Facebook Inc. said the U.S. Securities and Exchange Commission won’t take action against it for the controversy around its 2012 initial public offering.
“The events surrounding our IPO became the subject of various state and federal government inquiries,” Facebook said in a regulatory filing. “In May 2014, the Securities and Exchange Commission notified us that it had terminated its inquiry and that no enforcement action had been recommended by the SEC.”
The social network’s May 2012 IPO ran into multiple snafus when the stock dropped after going public and was also tarnished by a software malfunction that delayed trading.
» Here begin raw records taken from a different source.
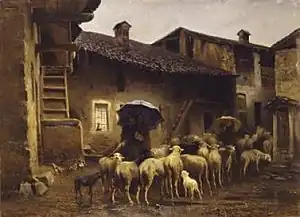 From 1858 to 1860, he lived in Paris, where he became familiar with the works of Camille Corot and Charles Jacque.[2] He also came under the influence of the Barbizon school. After that, he spent three years in Rome. Later, he became the leader of a group of landscape painters who met during the summers near Rivara, in the Canavese, to paint "en plein aire".[3] This group consisted of artists who worked in both the Romantic and Realistic styles, including Ernesto Bertea, Alberto Issel, Serafín Avendaño, Ernesto Rayper and Federigo Pastoris: referred to as the "Scuola di Rivara". Some were also members of a group known as the "Scuola grigia", centered in Liguria.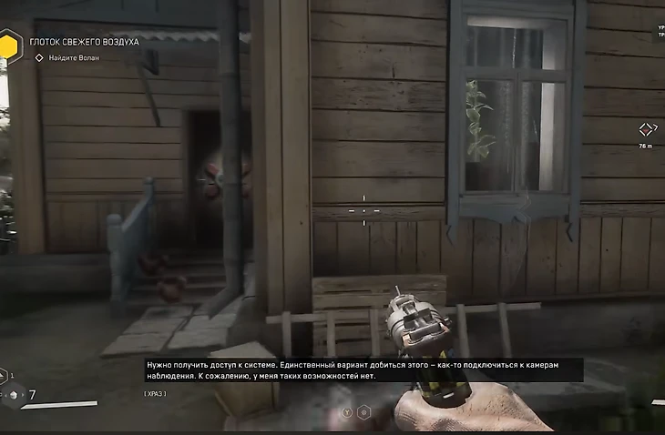 Миссия «Глоток свежего воздуха» завершается. Спускайтесь вниз и идите на обновленную метку, чтобы выполнить задание «Домик в деревне».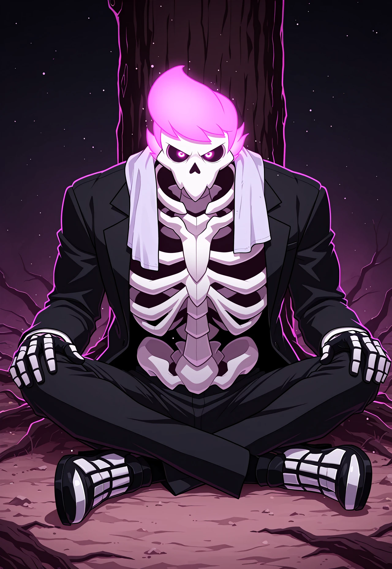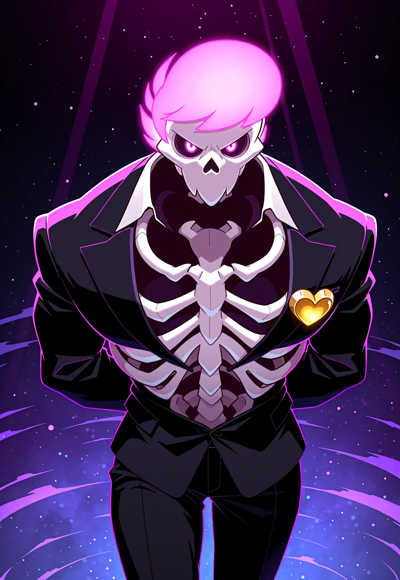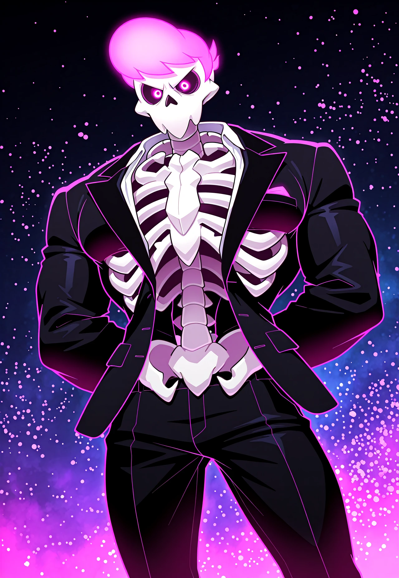 ((Skeleton, Skeleton body):1.4), adult, manly, ,solo, bright vibrant pink hair, highlighted with glowing purple outlines, gloves, pink hairstyle, glowing hair, glowing eyes, black sclera, pink eyes, broad shoulders, Huge pectoral,

In the aftermath, retail customers damaged by the sudden fall in Facebook’s $38 share price filed civil lawsuits against the Menlo Park, California-based company.
The events led the SEC to probe Facebook’s IPO. The regulator’s initial focus was whether any material information was omitted from Facebook’s prospectus by the company, whether it shared bad news only with a select group, and whether sales people misrepresented demand for the social network stock to lure small investors.
Facebook’s stock, which lost half its value in the months following the IPO, has since recovered. Shares reached new highs this week after the company reported that second-quarter revenue rose 61 percent and profit more than doubled.
The stock rose less than 1 percent to $75.19 at the close in New York.
Vanessa Chan, a spokeswoman at Facebook, said she had no comment beyond the filing.
Facebook also said in the filing that it may extend the date for the close of its $19 billion acquisition of messaging startup WhatsApp Inc. Facebook had agreed to pay a termination fee of $1 billion cash and $1 billion stock if the deal didn’t close by August 19. The company said if certain conditions are satisfied, the closing period can extend to next year.
“We currently expect these conditions will be satisfied and that we will extend the date to August 19, 2015,” the company said.